Provided material
────────────────

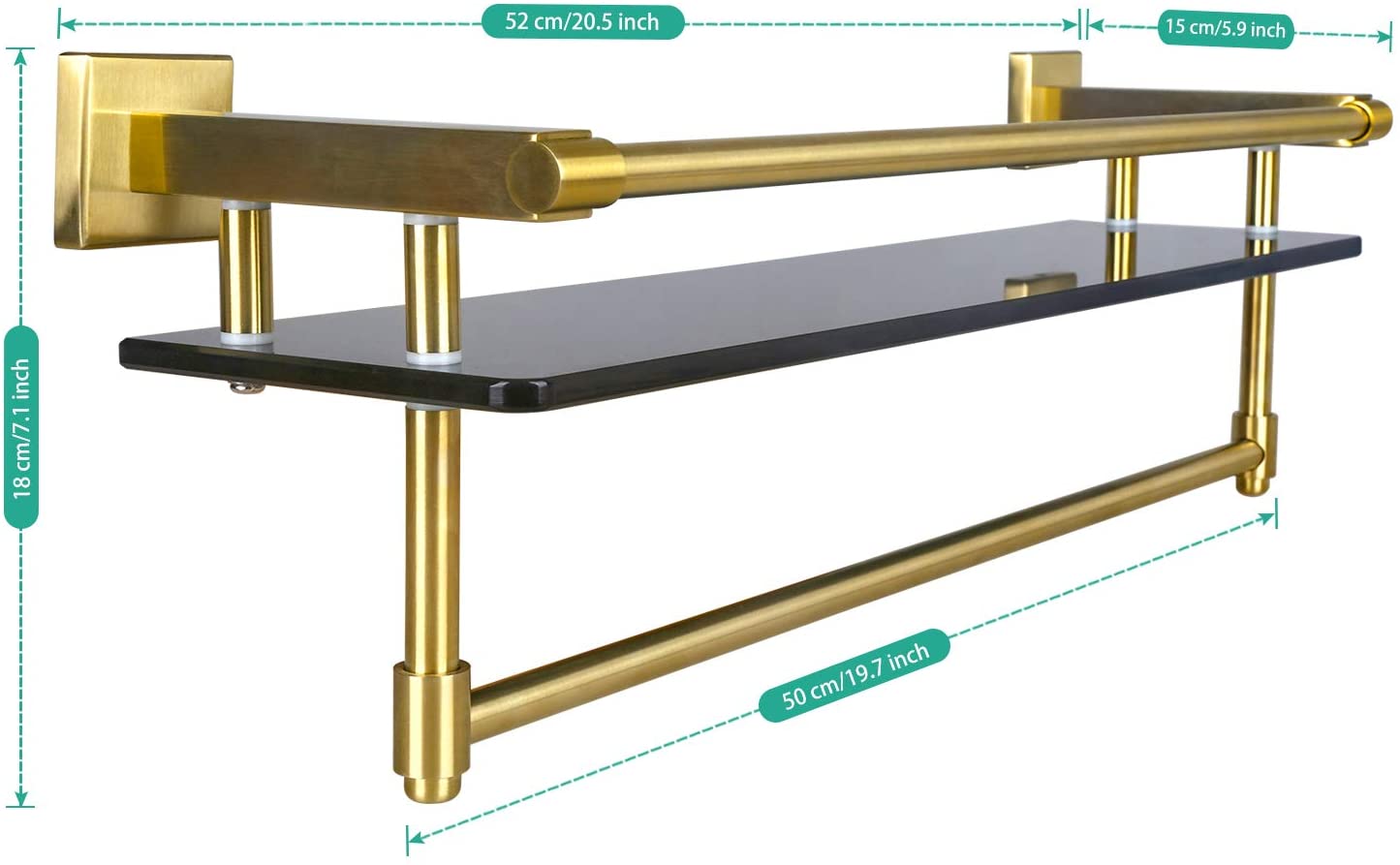 Shower Glass Shelf Dimensions: 19.7 x 5.91 x 6.85 INCHES (LxWxH)
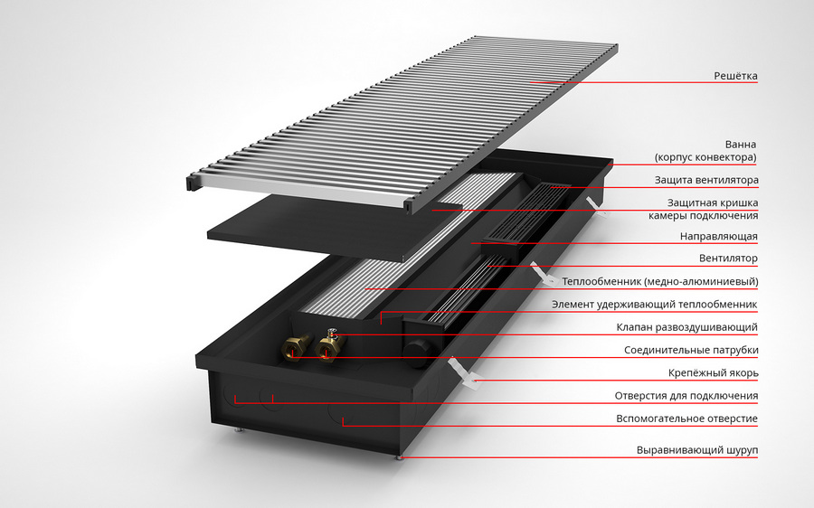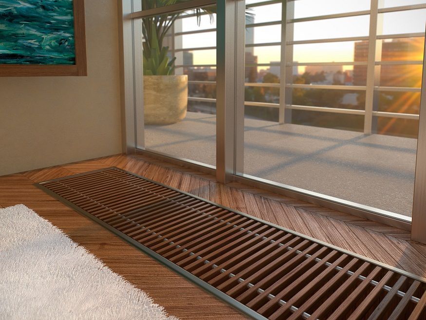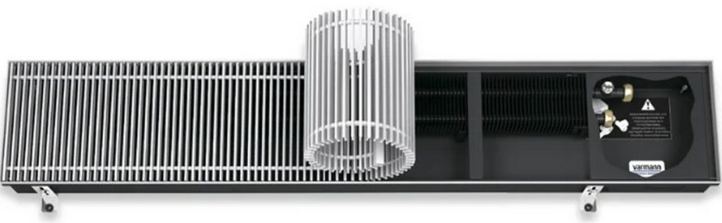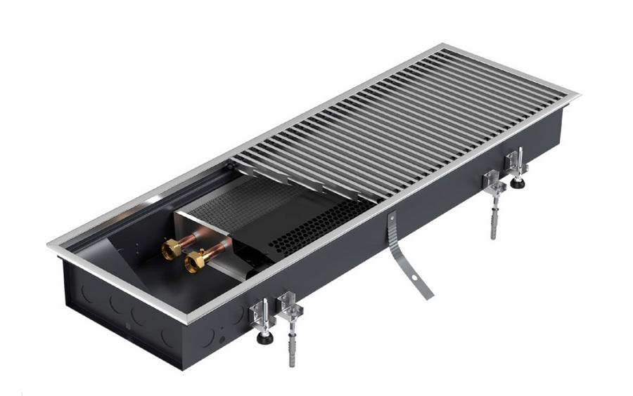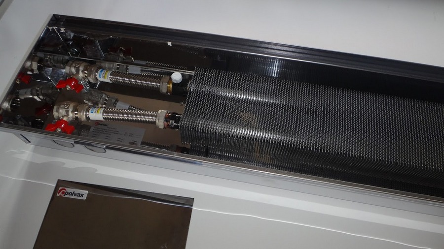 L'utilisation de batteries de radiateurs pour chauffer de grandes surfaces de halls ou de pièces avec de grandes fenêtres panoramiques n'est, pour le moins, pas l'option la plus esthétique. Plus acceptable dans ce cas serait l'option d'utiliser des convecteurs au sol (ce sont aussi des chauffages au sol). Aujourd'hui, ces appareils ne sont plus uniques et à une pression de fonctionnement de 15 bars (et à une pression d'essai de 25 bars), ils peuvent très bien être installés dans des immeubles d'habitation avec chauffage central, dans des bureaux et même dans des centres commerciaux.
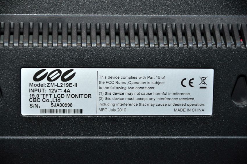 1 x CBC 19” TFT LCD Video Surveillance Monitor – Model: ZM-L219E-II – LON9 – Pre-owned In Working Order With PSU – No Leads Supplied - CL105 – Location: Altrincham WA1 General Product Specs Eco Type, LCD, 19'' (48cm) TFT, 1280x1024 pixel, 500TVL, PAL/NT
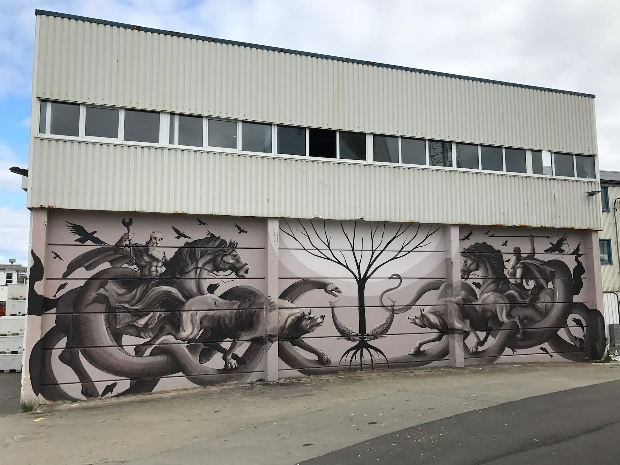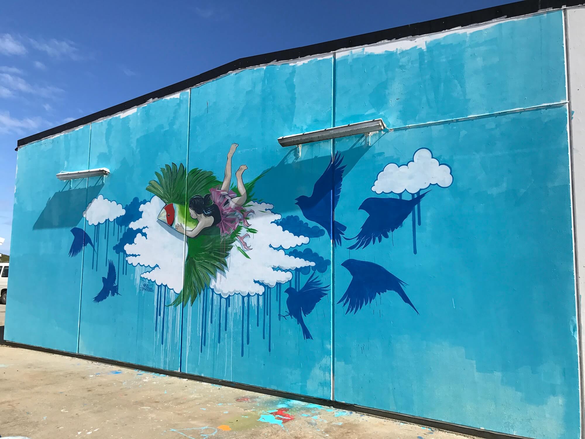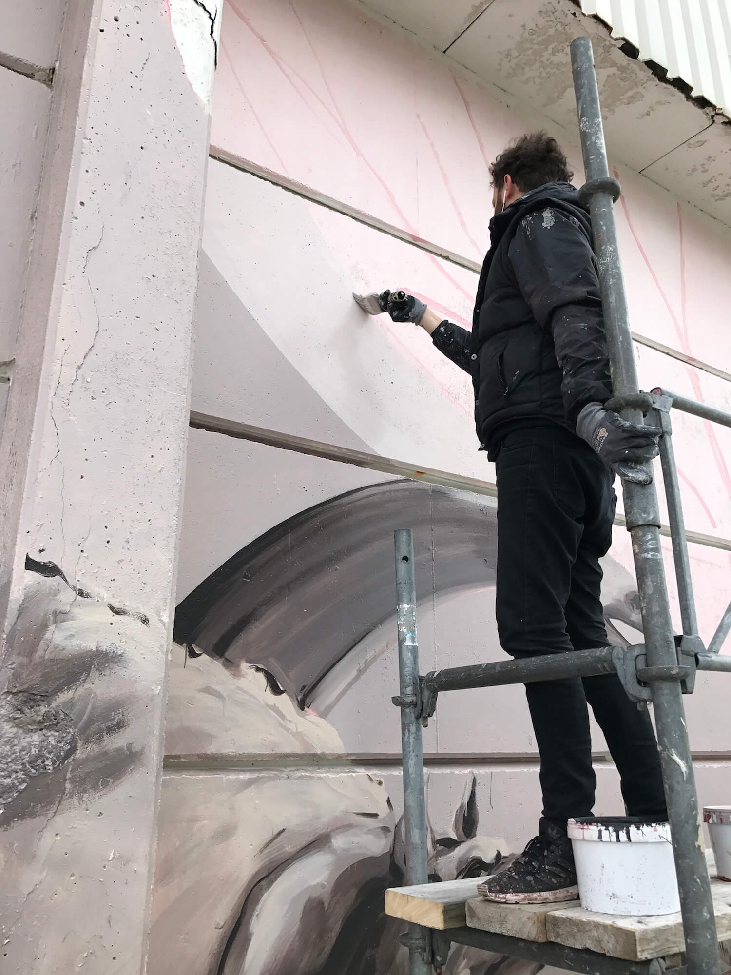 Jaz’s mural draws the eye to the fish tree in the centre. The two images are mirror imaged with a twist! The figure is cleverly painted on the left in reverse.

────────────────

What is expected
Set down the material exactly, every line of it, except for the pictures.

Task solution
 Shower Glass Shelf Dimensions: 19.7 x 5.91 x 6.85 INCHES (LxWxH)
 L'utilisation de batteries de radiateurs pour chauffer de grandes surfaces de halls ou de pièces avec de grandes fenêtres panoramiques n'est, pour le moins, pas l'option la plus esthétique. Plus acceptable dans ce cas serait l'option d'utiliser des convecteurs au sol (ce sont aussi des chauffages au sol). Aujourd'hui, ces appareils ne sont plus uniques et à une pression de fonctionnement de 15 bars (et à une pression d'essai de 25 bars), ils peuvent très bien être installés dans des immeubles d'habitation avec chauffage central, dans des bureaux et même dans des centres commerciaux.
 1 x CBC 19” TFT LCD Video Surveillance Monitor – Model: ZM-L219E-II – LON9 – Pre-owned In Working Order With PSU – No Leads Supplied - CL105 – Location: Altrincham WA1 General Product Specs Eco Type, LCD, 19'' (48cm) TFT, 1280x1024 pixel, 500TVL, PAL/NT
 Jaz’s mural draws the eye to the fish tree in the centre. The two images are mirror imaged with a twist! The figure is cleverly painted on the left in reverse.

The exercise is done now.